━━━━━ Exercise data
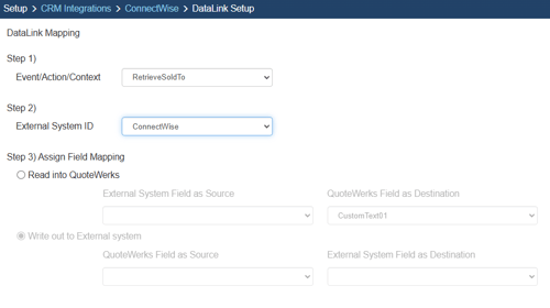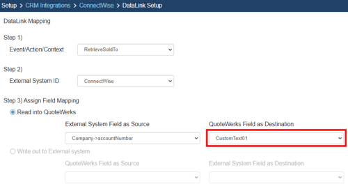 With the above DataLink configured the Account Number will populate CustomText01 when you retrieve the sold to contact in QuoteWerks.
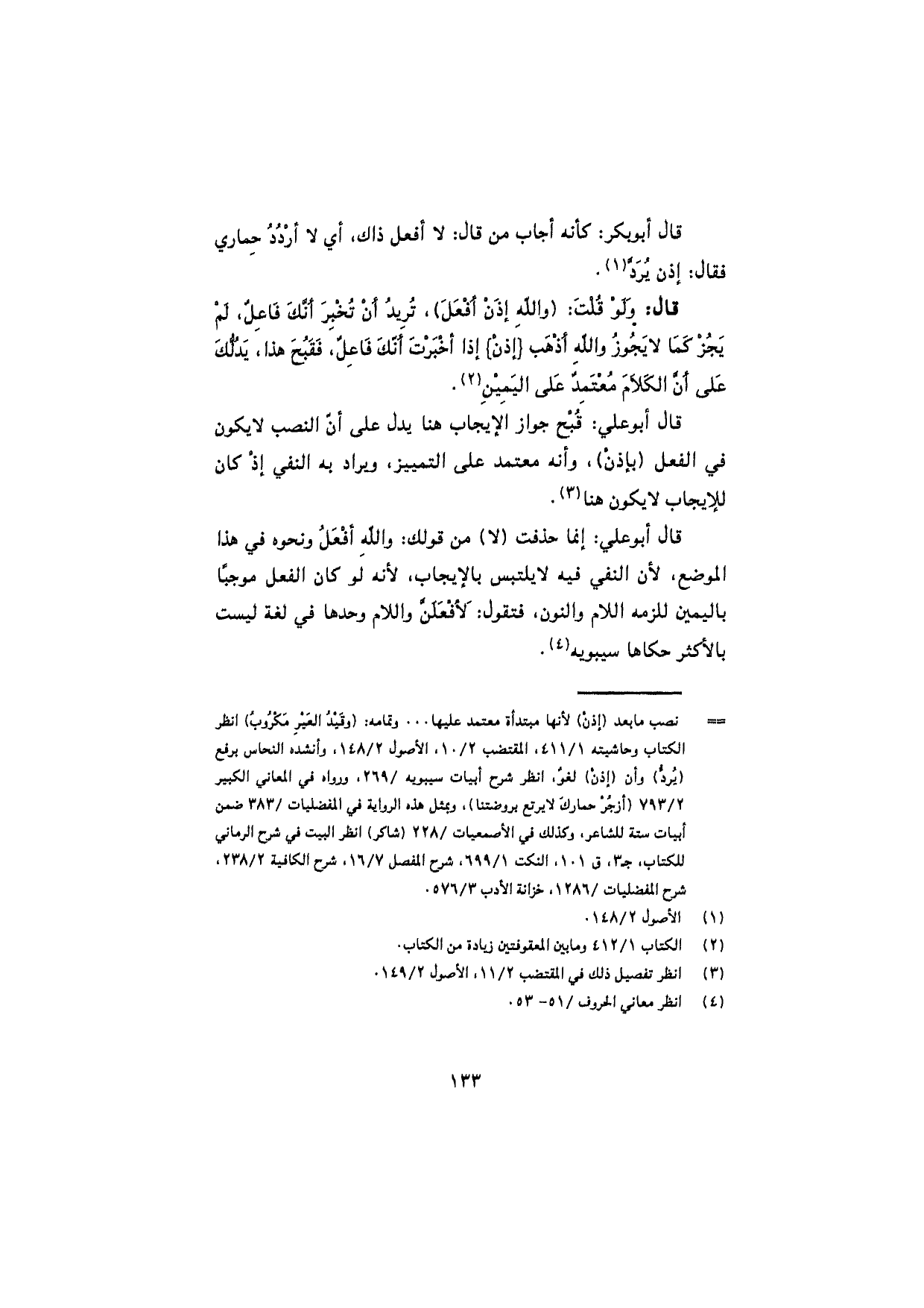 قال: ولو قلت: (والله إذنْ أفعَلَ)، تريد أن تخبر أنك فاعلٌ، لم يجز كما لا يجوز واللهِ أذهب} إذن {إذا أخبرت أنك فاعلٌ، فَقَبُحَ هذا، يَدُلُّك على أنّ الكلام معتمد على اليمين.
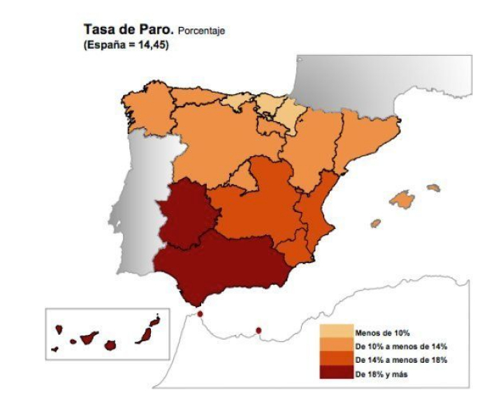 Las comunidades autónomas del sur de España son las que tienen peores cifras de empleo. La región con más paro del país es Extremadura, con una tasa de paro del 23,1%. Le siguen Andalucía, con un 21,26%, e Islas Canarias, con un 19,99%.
━━━━━━━━━━
Transcribe the data word for word, with no images.

> **Written response**:
 With the above DataLink configured the Account Number will populate CustomText01 when you retrieve the sold to contact in QuoteWerks.
 قال: ولو قلت: (والله إذنْ أفعَلَ)، تريد أن تخبر أنك فاعلٌ، لم يجز كما لا يجوز واللهِ أذهب} إذن {إذا أخبرت أنك فاعلٌ، فَقَبُحَ هذا، يَدُلُّك على أنّ الكلام معتمد على اليمين.
 Las comunidades autónomas del sur de España son las que tienen peores cifras de empleo. La región con más paro del país es Extremadura, con una tasa de paro del 23,1%. Le siguen Andalucía, con un 21,26%, e Islas Canarias, con un 19,99%.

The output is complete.